Sunday night, aforementioned deep troughing develops and digs southward through the Plains, phasing with the southern stream. A southern stream shortwave kicks out ahead of the long wave and rides NEward, leading to strong cyclogenesis over the mid-Mississippi Valley into the Great Lakes Region. Low pressure eventually tracks NEward into northern Quebec by the end of Monday, during which time broad warm frontal forcing overtakes the northeast CONUS. As we've seen in numerous storms this cold season...including today, as an extreme example...re-development of low pressure is probable as the front reaches the coast, although it seems to be weaker than in other systems being as detached from parent forcing as it is. Precipitation may begin in the southwestern zones as early as Sunday night; model ensembles focus most precipitation during the afternoon and evening on Monday. Little change in the Quantitative Precipitation Forecast forecast with a general 0.75-1.5" focusing on the coastal plain extending north into the mountains, falling as rain.
Stratiform rain moves out to the northeast Monday night with a drying trend to follow. The shortwave becomes ingested in the broader trough which continues to spin overhead into the middle of the week with enhancements as cold fronts drop down from it. This keeps shower chances at least in the mountains with a return to near- normal temperatures.
Coastal storm will rapidly develop in the Gulf of ME through this evening, and high end gale warnings remain in effect thru Friday.

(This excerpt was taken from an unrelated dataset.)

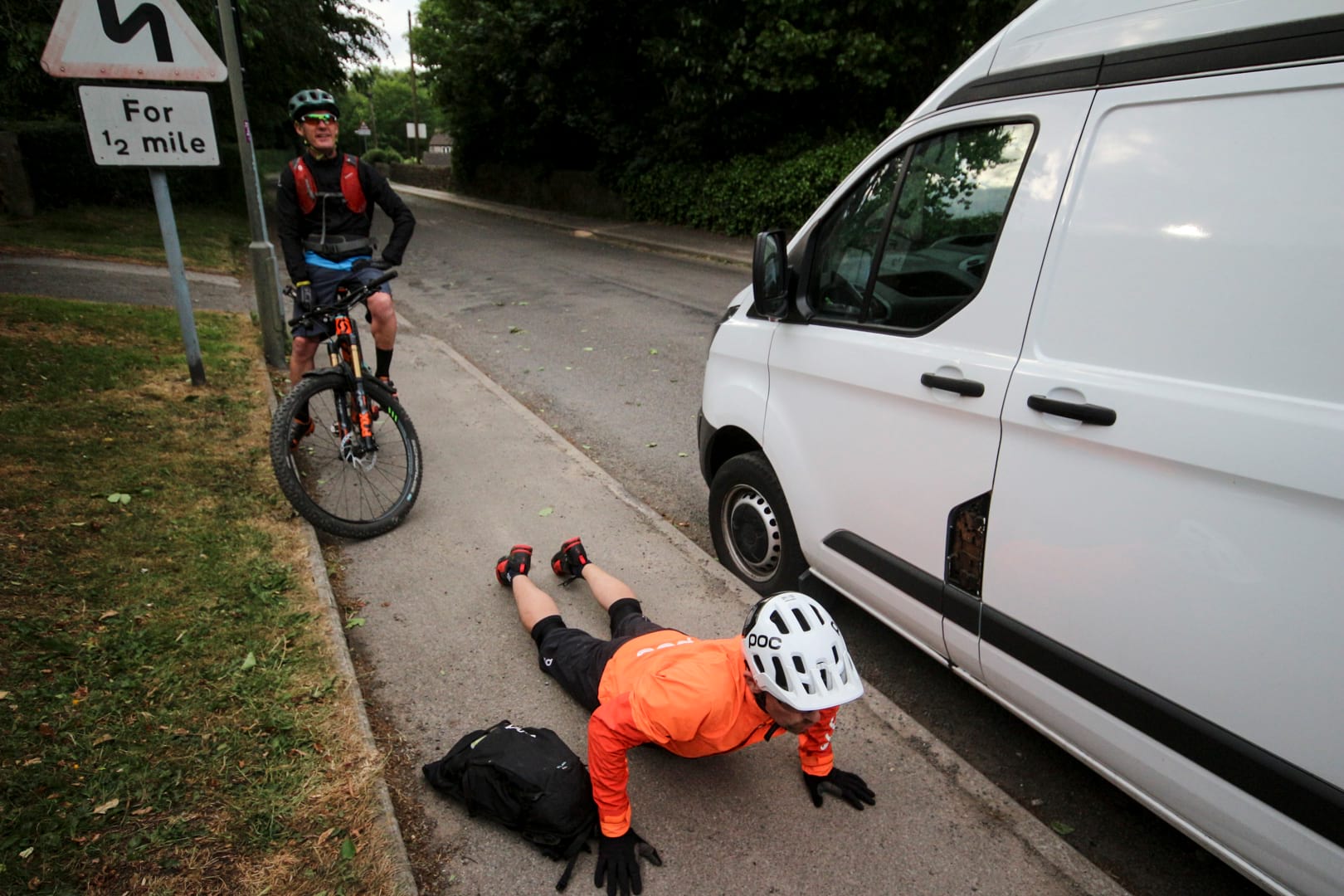 Undaunted, I encouraged them to get a wiggle on as I jauntily hopped on my bike and immediately wished that I had taken those yoga classes I had promised myself. Long and low are fine but being stretched out like you are on some medieval torturer’s rack, not so much. “Did I really ride like this?” I thought to myself while Nick and Mark were taking bets as to how far into the ride I would get. Spinning along the singletrack road in dappled sunshine, I was feeling good. Stretched but good. It took all of 50 metres for my front tyre to make a telltale ‘pfft pfft pfft’ sound. A bloody puncture! Perhaps I should have heeded Matt’s advice after all? Throwing me his pump, Nick kindly offered to help me fix my next puncture. Could it be that he expected more? Oh he of little faith.

Will have to watch the Cold Air Advection behind the deepening low early Friday...where gusts may approach storm force well outside the bays.
Long Term...Seas back down below 5 ft by Saturday morning, but offshore flow may gust near 25 kts over the waters Saturday afternoon. High pressure crosses to the south Sunday. The next area of low pressure crosses the region on Monday with increasing onshore flow, possibly to Gale Force, and increasing wave action.

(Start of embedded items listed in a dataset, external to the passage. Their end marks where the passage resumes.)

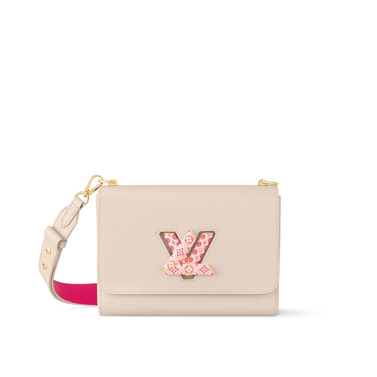 不喜歡太過粉嫩的色系,可以選擇在細節中展現甜蜜,這款Twist就將粉色調點綴在鎖扣與包袋之上。
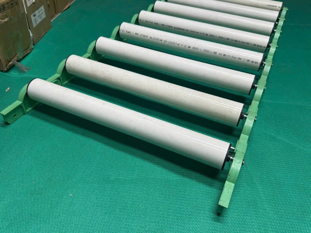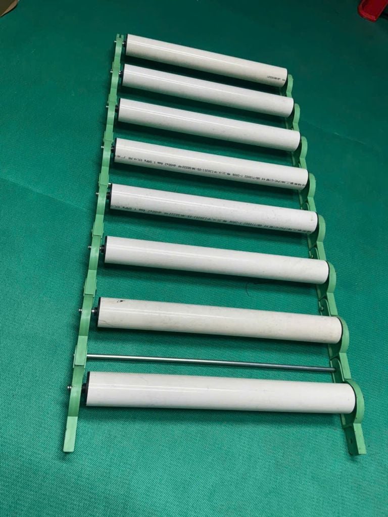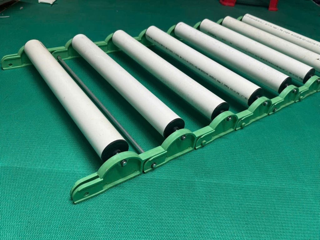 - Chi phí hợp lý: Giá thành sản xuất và mua mới thường rẻ hơn đáng kể so với băng tải con lăn kim loại như inox hay thép.
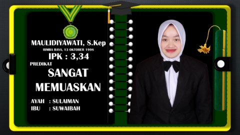 MAULIDIYAWATI, S.Kep RIMBA RAYA, 13 OKTOBER 1998 IPK : 3,34 PREDIKAT SANGAT MEMUASKAN AYAH : SULAIMAN IBU : SUWAIBAH
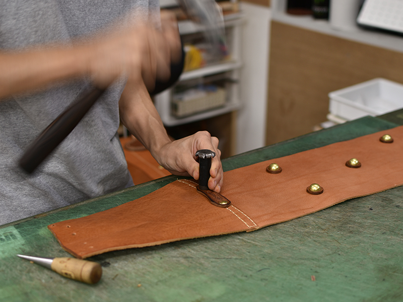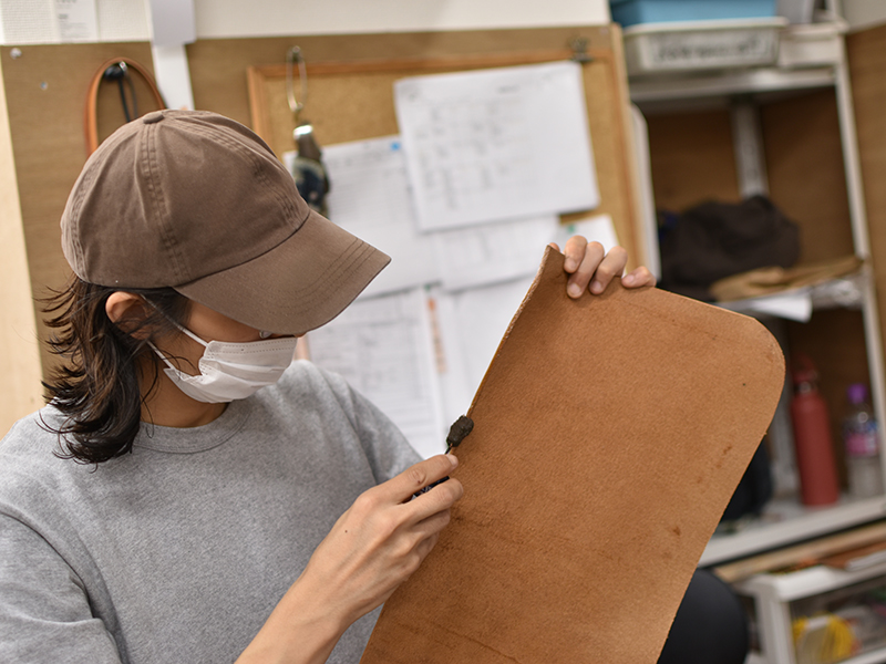 革を「漉く」作業。鞄の形を綺麗に出すために、重要な工程です。

A period of heavy rain and some embedded thunder is likely along the Maine coast this evening...transitioning to snow over for areas just inland in some cases. Given snow in the mountains and foothills and a rain/snow mix just south...significant river flooding is not expected. May have some short-fused issues at the coast especially with water levels rising towards the 1 AM Friday high tide which may prevent efficient drainage. This event may also prime some locations for water problems with another opportunity for heavy rainfall Monday.
Tides / Coastal Flooding
Astronomical tides are near peak for the month and already near flood stage without wind and wave forcing. With a strong coastal storm continuing through this evening and winds increasing, expect areas of minor flooding and additional splashover and beach erosion. Storm surge values should max out around 2 ft...but crucially the timing will miss high tide by several hours. Coastal flood advisory remains in effect for the next tide cycles.
The last GYX upper air observation was March 25 at 12Z. Unfortunately, a disruption in gas supply has temporarily halted observations from GYX. At this time it is unknown when observations will resume.

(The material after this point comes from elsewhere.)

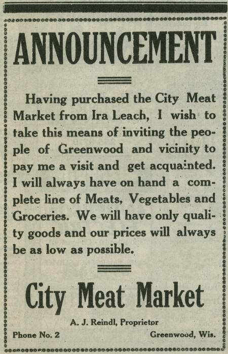 The above advertisement, denoting the purchase of the City Meat Market of Greenwood, WI by A. J. Reindl from Ira Leach (1925 Commercial Club Member), appeared in the Greenwood Gleaner, Oct. 24, 1929. That same issue also carried this note: "For Sale--75 pullets. Inquire of A. J. Reindl, City Meat Market. |

The Sugarloaf NWR transmitter has returned to service.
NOAA Gray/Portland ME Office - Watches - Warnings - Advisories
ME...Winter Storm Warning until 8am EDT Friday for MEZ012>014- 019>022-025>028-033. Winter Storm Warning until 2pm EDT Friday for MEZ007>009. Winter Weather Advisory until 8am EDT Friday for MEZ018-024. Coastal Flood Advisory until 3am EDT Friday for MEZ023>028. Wind Advisory until 11pm EDT this evening for MEZ027-028. NH...Winter Storm Warning until 2pm EDT Friday for NHZ001>004. Wind Advisory until midnight EDT tonight for NHZ007-008- 011>015. Coastal Flood Advisory until 3am EDT Friday for NHZ014.
Gale Warning until 11am EDT Friday for ANZ150>154.